The authentic travel experience is fiercely chased but less caught, and the local consequences of this manic tourism are rarely considered. Foreigners living in Japan, who have the opportunity to explore Asia as many Asians never will, can have a major stake in this imbalance.

The Global Village Program aids in redressing the problem, operating through Habitat for Humanity-- an American ecumenical organization committed to providing decent housing to those in need and the empowerment and independence of its homeowners. Habitat houses are built with voluntary labor, and Global Village began in 1989 in response to requests for short-term work projects internationally. Habitat Affiliates now exist worldwide, including 26 countries in Asia/Pacific. In November, a group of 24 took part in a building project in Chiang Mai, northern Thailand.

It's remarkably easy for a tourist to pass time in Chiang Mai. Street markets, massage chairs and trekking expeditions beckon. English is widely spoken. Prices are cheap. The hedonistic potential of Chiang Mai- albeit enchanting- underlines how travel can become such a shallow enterprise. But Global Village gives a vested interest in the community and a reason to be there. The above pleasures become fringe benefits, after days spent digging septic tanks, laying concrete floors and building brick walls.

Volunteers provide the drudge work, under the supervision of local skilled workers. The home's owner also participates in the build; this principle known as "sweat equity". (Habitat houses are not given to the homeowner, but rather purchased by them with an interest-free mortgage, which is then used to build other houses locally. The homeowner must commit to help build their own and future houses.) It's quickly apparent to all involved that shared language is overrated. Gestures, facial expressions and that useful English question "okay?" suffice for communication. They have to, because after all, there are only ten days to build that house together.
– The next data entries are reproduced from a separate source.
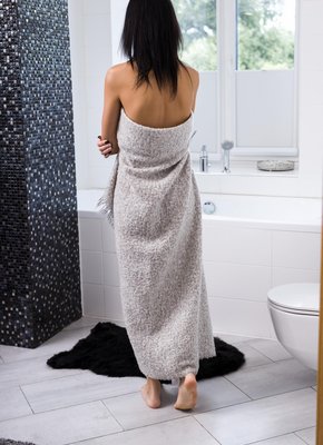 Сисястая брюнетка позирует в ванной комнате
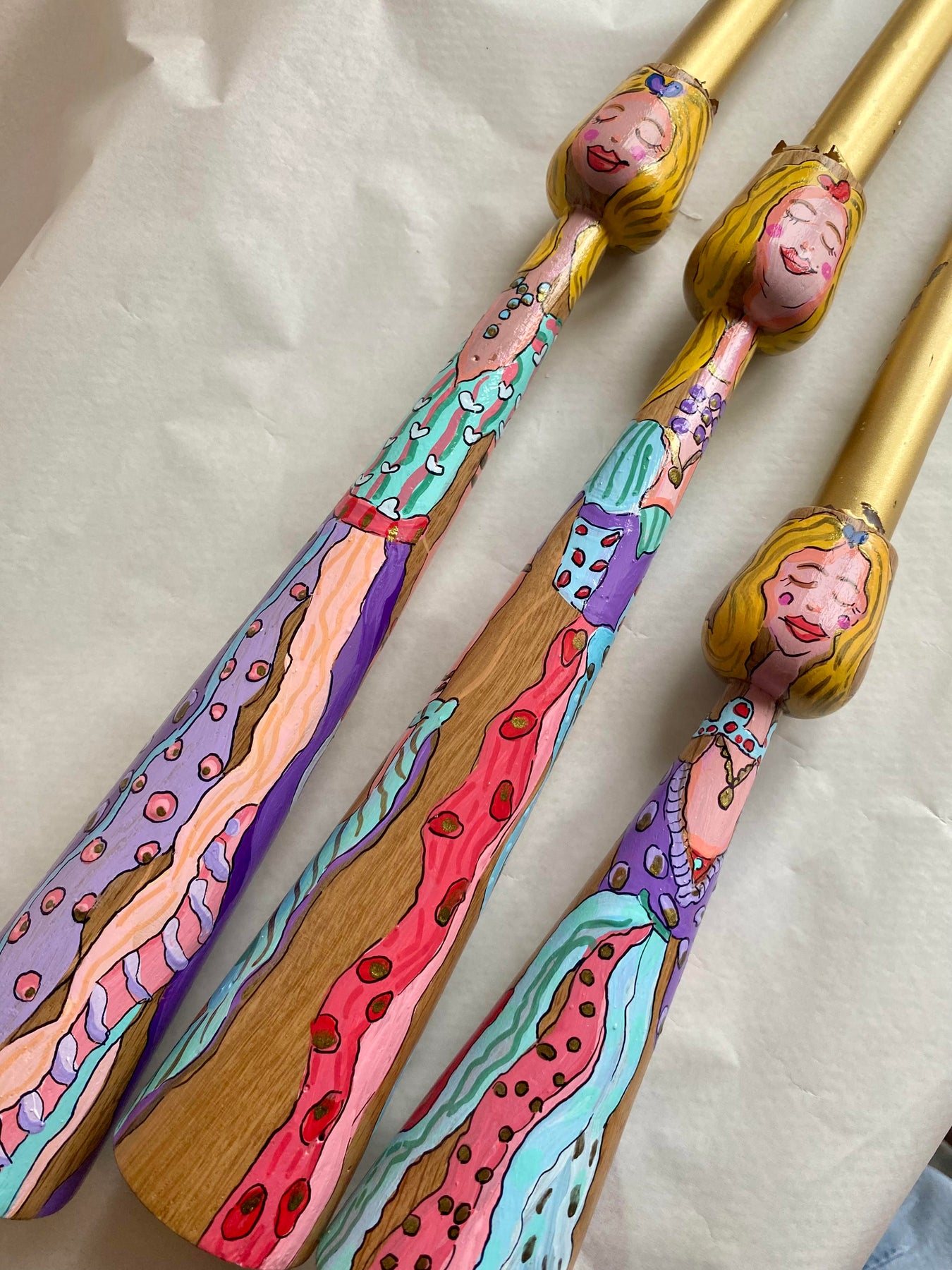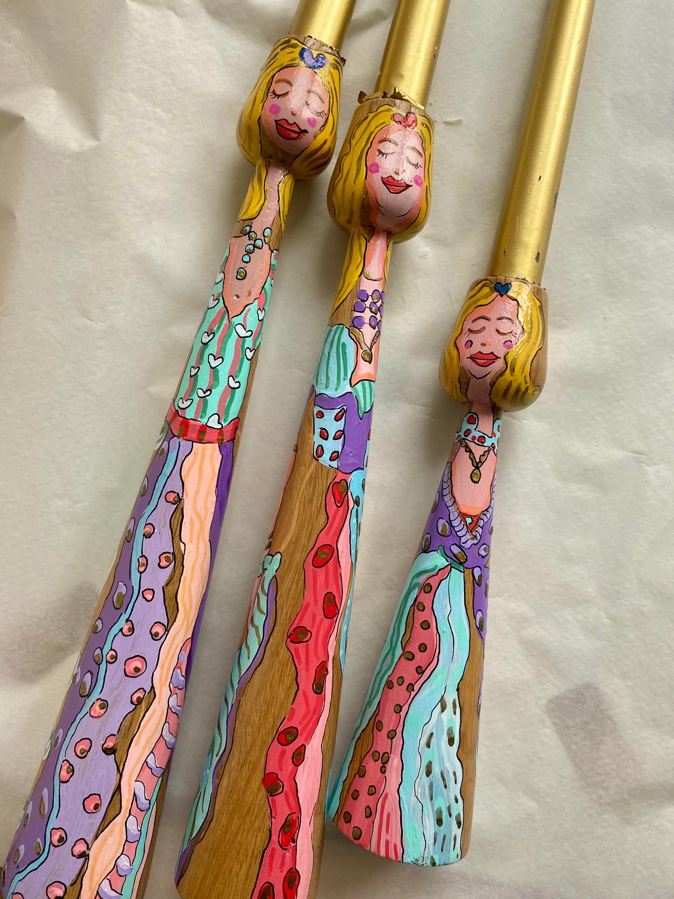 Hand-shaped from solid oak wood. The solid oak wood is meticulously patterned with acrylic paint.
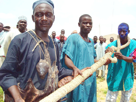 Dressed in an amulet-dotted animal skin slung over a sleeveless hand-woven shirt, a matching cap perched on his head, and with a band of drummers and enthusiasts accompanying him, Nalako goes on the prowl for bachelors with a thick raffia noose.
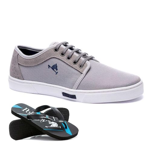 Tênis Masculino Polo Joy Casual Confortável Em Lona + Chinelo - 41 - Cinza
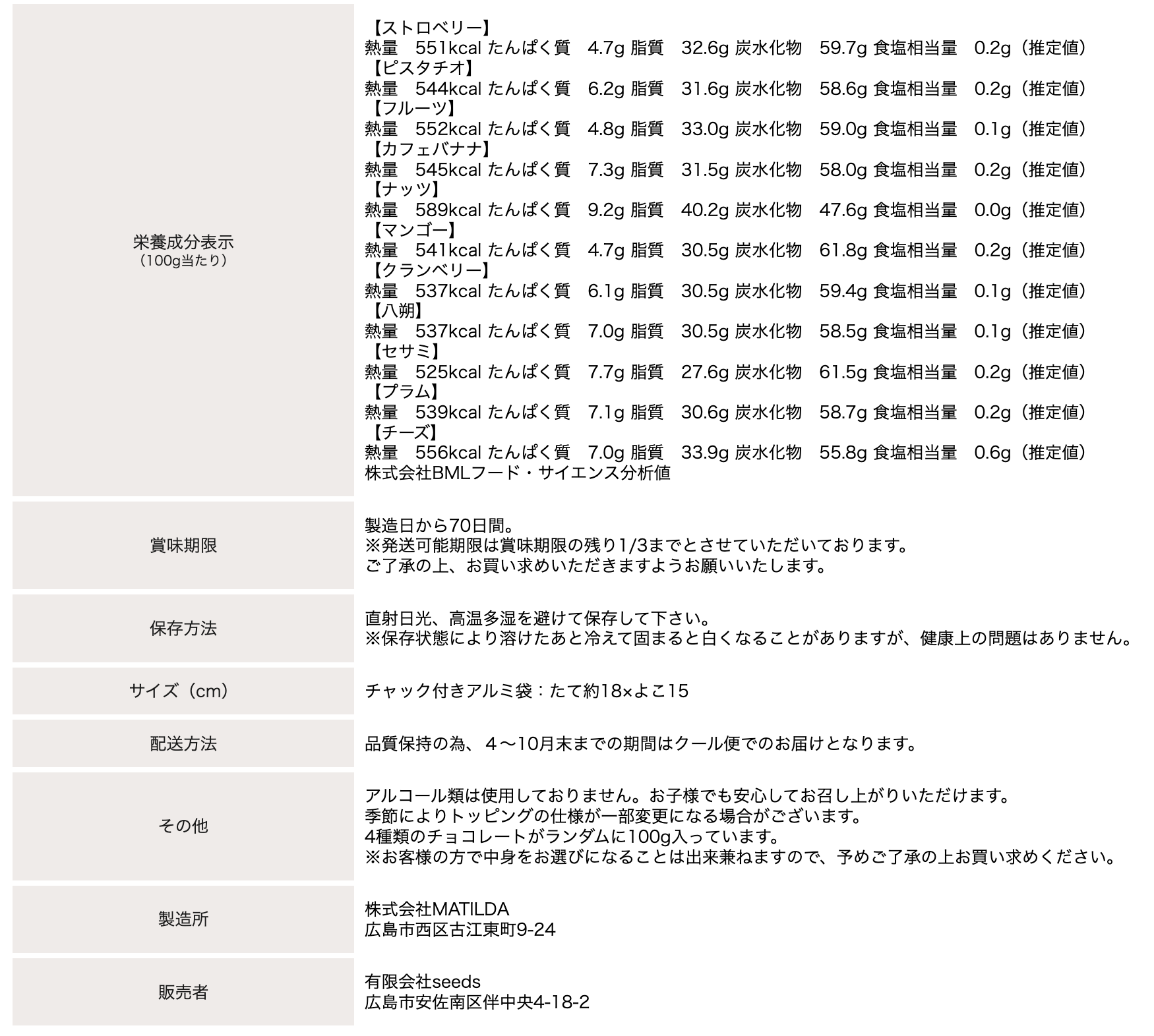 | その他 | アルコール類は使用しておりません。お子様でも安心してお召し上がりいただけます。 季節によりトッピングの仕様が一部変更になる場合がございます。 4種類のチョコレートがランダムに100g入っています。 ※お客様の方で中身をお選びになることは出来兼ねますので、予めご了承の上お買い求めください。 |
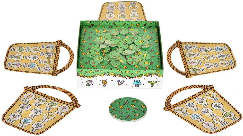 Каждый раунд начинается с «лесной загадки» — вскрывается верхняя карта задания, на которой показан гриб, за которым все охотятся в этот раз. После этого начинается самое весёлое: все игроки одновременно запускают руку в коробку, где рубашкой вверх лежат жетоны грибов, и по очереди вытягивают их, переворачивая и выкладывая перед собой. Делать это можно только одной рукой и брать жетоны по одному, что добавляет азарта и немного хаотичной суеты за столом. Как только кто‑то находит среди своих открытых жетонов искомого грибочка, он кричит «Нашёл!» — и раунд сразу же останавливается.
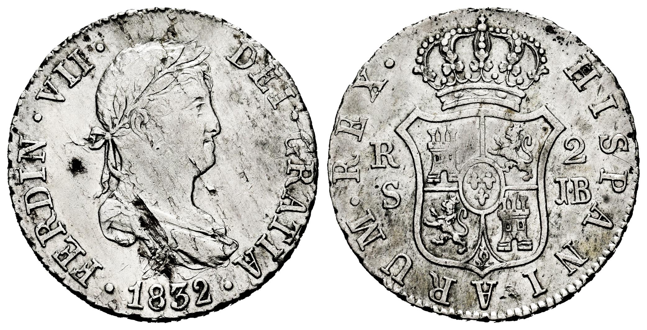 Fernando VII (1808-1833). 2 reales. 1832. Sevilla. JB. (Cal-966). Ag. 5,87 g. Hojas y rayitas en anverso. MBC+. Est...80,00.
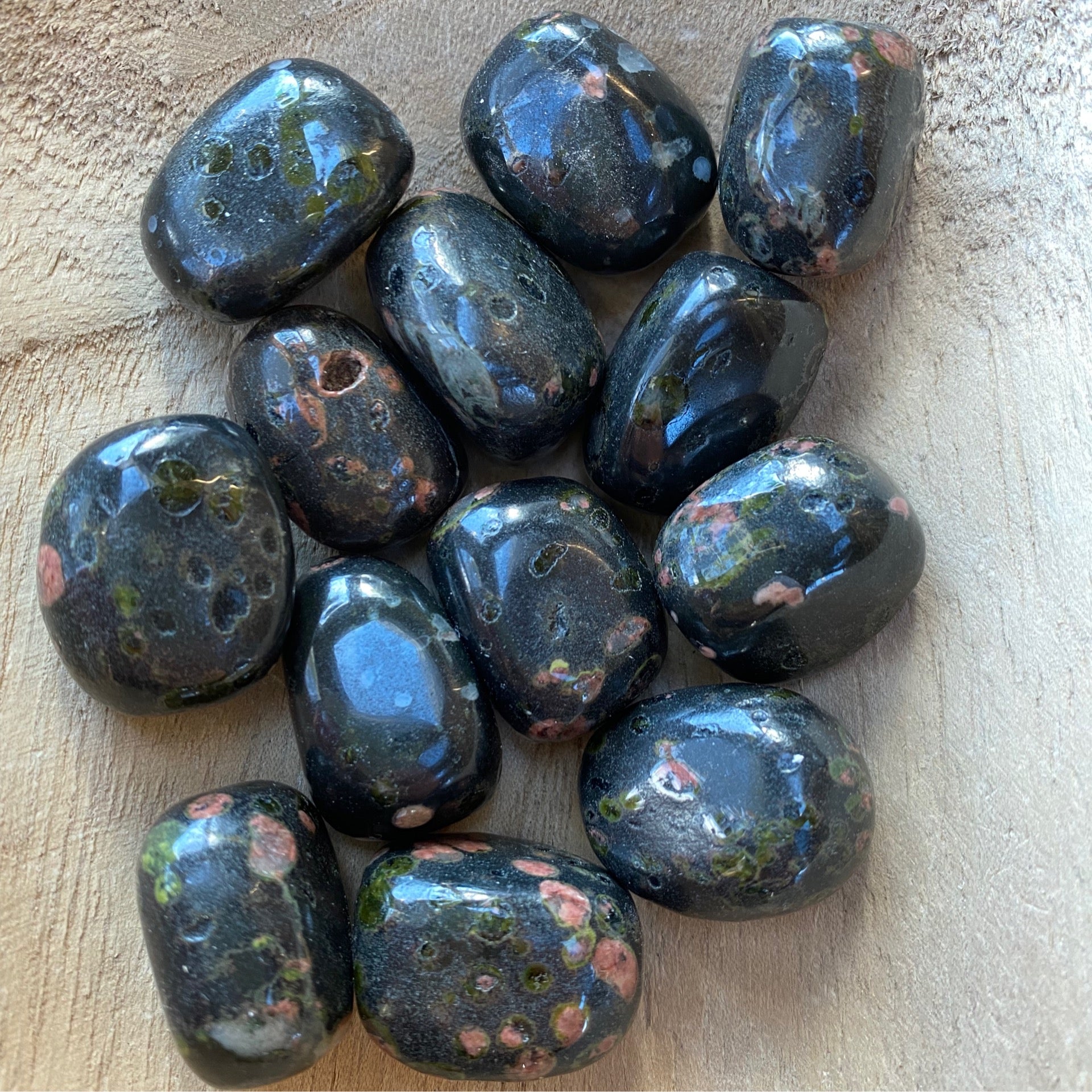 Red Snowflake Obsidian works on the solar plexus and base chakra. It creates a buffer around the aura, protecting and shielding the physical body. It helps promote clarity of thought and mind. It is known to absorb negative energies and needs washing frequently.

Miniature language exchanges are ongoing, jokes are exchanged and real relationships are forged between homeowners and volunteers.

Global Village trips vary considerably in terms of type of location, accommodation, transportation and the work required. Volunteers need to have flexible personalities. They are asked to do only the work they are physically able. Some groups have a religious focus, but this also varies and is up to the discretion of individual Global Village team leaders. The organization strongly stresses a focus of "faith in action", and not religious conversion. Volunteers come from all over the world and for a fascinating array of reasons. Personal backgrounds vary widely. On the Chiang Mai build, the group ranged between ages 19 and 76. Learning to work together and the friendships that follow are one of the best parts of this experience.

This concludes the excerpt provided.